Thursday’s vote came on the heels of a letter earlier this week signed by Leahy and two of his Republican colleagues – Sens. Mike Crapo of Idaho and Lisa Murkowski of Alaska – that urged Speaker of the House John Boehner, R-Ohio, to allow the Senate legislation sponsored by Leahy to come to the House floor.

“As we worked on this bill, I heard the moving stories in hearings and rallies and meetings of those who survived true horrors and had the courage to share their stories in the hopes that others could be spared what they went through,” said Leahy in a statement following Thursday’s action. “We have finally come together to honor their courage and take the action they demanded.”

The Violence Against Women Act – VAWA — provides local communities with funding and resources to assist victims of domestic violence, and to take steps to prevent further instances of domestic violence from occurring. Vice President Joseph Biden, who sponsored the original VAWA legislation in 1994 when he was a senator from Delaware, said in a statement Thursday  that the United States has seen a 64 percent drop in domestic violence since then.

The law has been reauthorized twice since 1994 without political difficulty. But the latest reauthorization became gridlocked in 2011, when many House Republicans took issue with new provisions that expanded protections for same sex couples as well as illegal immigrants and Native Americans.

Last year, House Republican leaders were able to derail the legislation when they found that a provision allowing for an increased number of visas for illegal immigrants who had been victims of domestic violence would raise revenue. According to the Constitution, revenue-raising bills must originate in the House.

When the new Congress convened at the beginning of this year, Leahy reintroduced legislation to reauthorize VAWA. He modified the provision on illegal immigrants to drop the language on the increase in visas, in order to facilitate the bill’s passage.

The Leahy bill passed the Senate in early February by an overwhelming 78-22 bipartisan vote, but it remained unclear whether it could pass the House due to continuing opposition from many conservative Republicans there.

But others in the House GOP were clearly seeking to put the issue behind them — in the wake of an election in which their party had come up short among women and Latino voters, while being adversely affected by controversial comments about rape made by two Republican Senate candidates.

On Thursday, 87 Republicans joined all 199 Democrats present in voting for the Senate-passed bill sponsored by Leahy.

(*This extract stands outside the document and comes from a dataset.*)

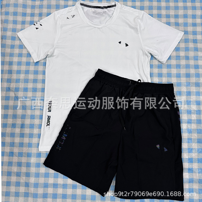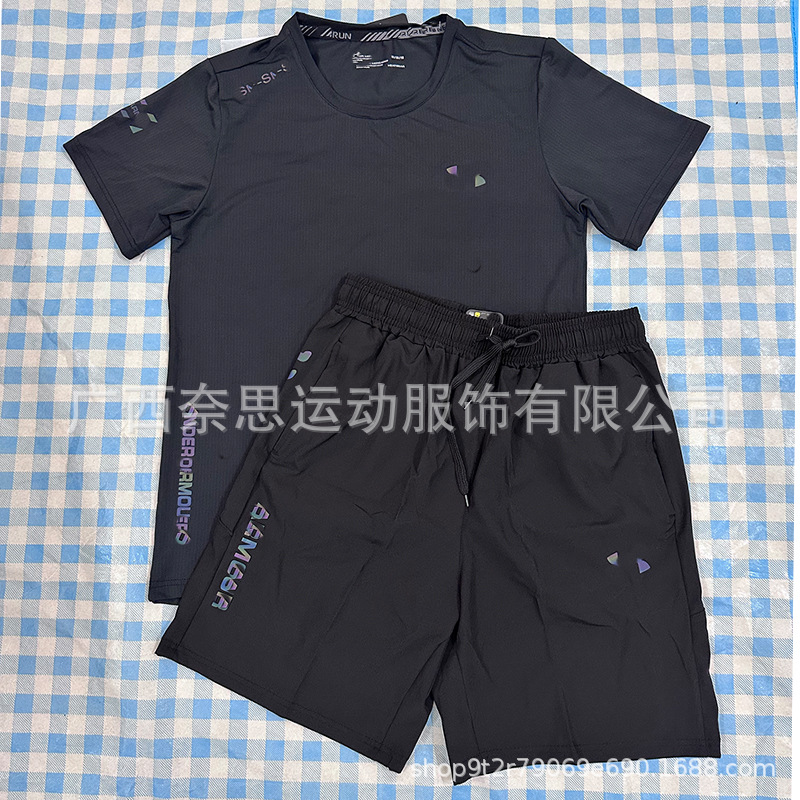 대외 무역 새로운 스포츠 피트니스 러닝 슈트 속건성 통기성 느슨한 데일리 캐주얼 반팔 반바지 남성 도매 주문

But a majority of House Republicans – 138 – opposed it.

Earlier, a Republican-sponsored substitute measure that excluded the new protections for Native American, undocumented immigrant and LGBT victims of violence was defeated by a 257-166 vote. Voting in favor of that substitute was 164 Republicans and just two Democrats, while 60 Republicans joined 197 Democrats in voting against it.

“For over a year, House Republicans leaders displayed a willful, implacable but ultimately failed resistance to protecting LGBT, immigrant, and Native American women from domestic violence,” Rep. Peter Welch, D-Vt., said in a statement.. “I am pleased that a bipartisan majority of the House of Representatives has now affirmed what is plainly common sense: that violence is violence no matter what you look like or whom you love.”